Reisezeit: Der Frühling (April–Mai) und der frühe Herbst (September–Oktober) sind die idealen Jahreszeiten — milde Temperaturen, weniger Touristen, verfügbare Parkplätze und niedrigere Preise. Der Sommer bringt die Massen der Fährpassagiere mit sich und die Preise steigen; der Winter ist ruhig, aber einige Veranstaltungen und Einrichtungen sind geschlossen.
ZTL beachten: Das historische Zentrum von Ancona ist größtenteils eine verkehrsberuhigte Zone (ZTL). Versuchen Sie nicht, sich dem Domviertel oder den engen Gassen des Zentrums mit einem Wohnmobil zu nähern: Die ZTL-Kameras sind aktiv und die Straßen sind für hohe Fahrzeuge oft physisch unpassierbar. Nutzen Sie stets die Parkplätze am Stadtrand und die öffentlichen Verkehrsmittel.
Technische Vorbereitungen vor der Abfahrt: Wenn Sie Ihre Wassertanks füllen oder leeren müssen, nutzen Sie den Stellplatz Scataglini, bevor Sie Ancona verlassen. Er ist kostenlos, funktional und günstig von der Autobahn aus erreichbar.

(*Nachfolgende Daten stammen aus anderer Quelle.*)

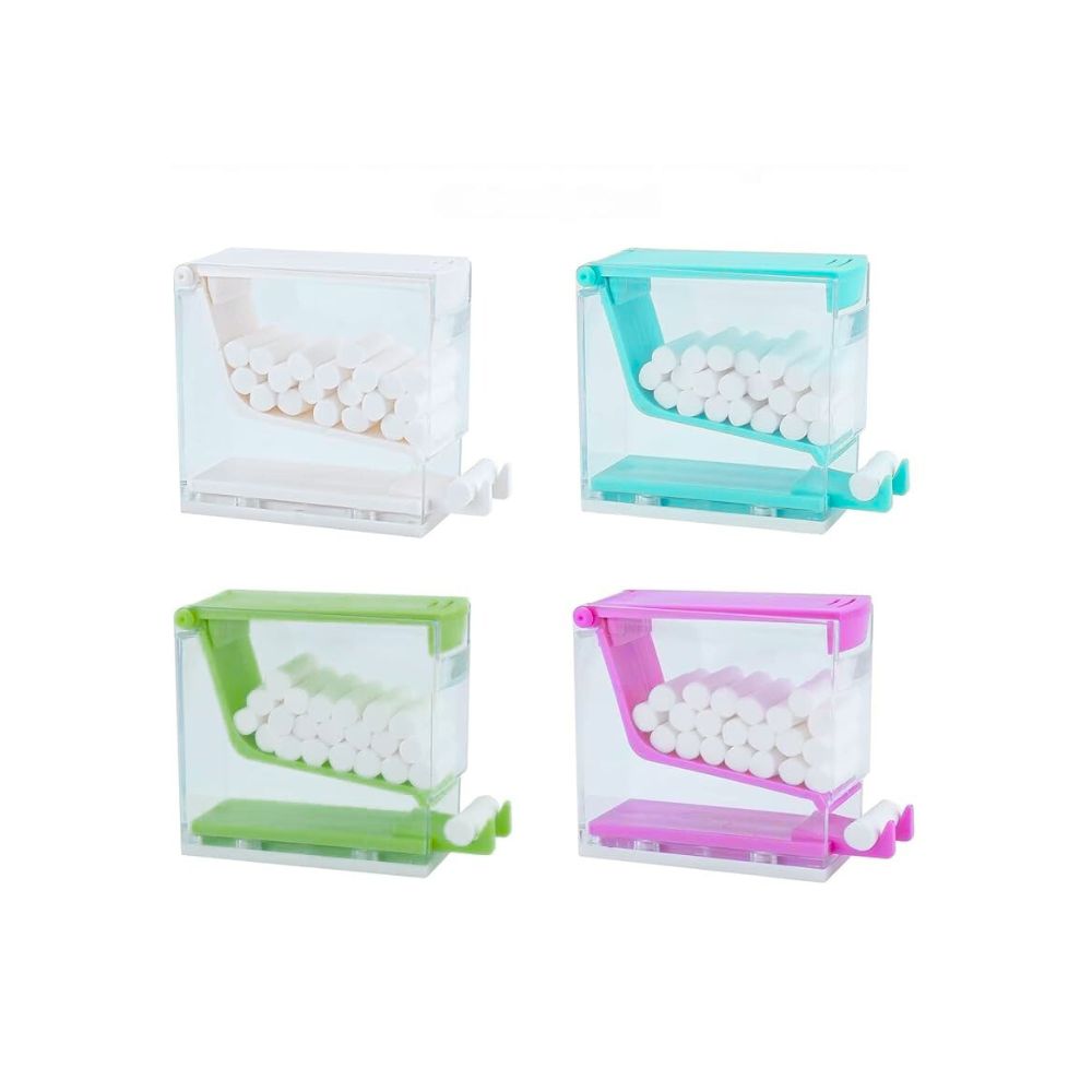 The cotton roll dispenser is suitable for the hygienic storage of cotton rolls. The hinged lid ensures that the cotton rolls are protected from dust or dirt. The dispenser is easy to fill and the dental cotton rolls are dispensed one at a time by pressing lightly on the lid.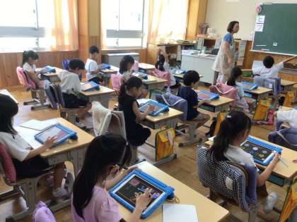 9/4 カタカナ 1年生 公開日 2024/09/04 更新日 2024/09/04 各学年から 1年生の国語の授業です。学習用タブレットを使って、カタカナの練習をしていました。タブレット上で、指でなぞって何度も練習できます。タブレットの電源を切って、キャビネットにしまうのも、スムーズにできました。 3枚目の写真は、廊下の掲示です。教室の入り口など、よく目につくところに掲示してあります。 1年

Der Conero in Reichweite: Wenn Sie einen zusätzlichen Tag haben, fahren Sie nach Süden. Nur zwanzig Minuten entfernt liegt die Riviera del Conero mit den Stränden von Portonovo, Sirolo und Numana — einige der schönsten an der Adria. Achtung: Die Straßen im Conero-Park sind eng und kurvenreich, nicht für lange Wohnmobile geeignet. Es ist besser, das Fahrzeug in der Ebene abzustellen und mit den Sommer-Shuttles zu den Stränden zu fahren.
Der Mercato delle Erbe: Wenn Sie vor der Weiterreise hochwertig einkaufen möchten, ist der Mercato delle Erbe (Via della Loggia) einer der schönsten Indoor-Märkte der Marken — frischer Fisch, lokales Gemüse, Käse und Wurstwaren. Geöffnet vormittags, Montag bis Samstag.

👉 Ancona ist eine jener Städte, die man zu spät entdeckt und sofort bereut: Allzu oft nur durch das Fenster einer Fähre betrachtet, verbirgt sie eine Schichtung aus Geschichte, Kunst und Gastronomie, die sie zu einem unverzichtbaren Stopp für jeden macht, der die Adriaküste mit dem Wohnmobil bereist. Setzen Sie sie auf Ihre Liste — und halten Sie diesmal wirklich an.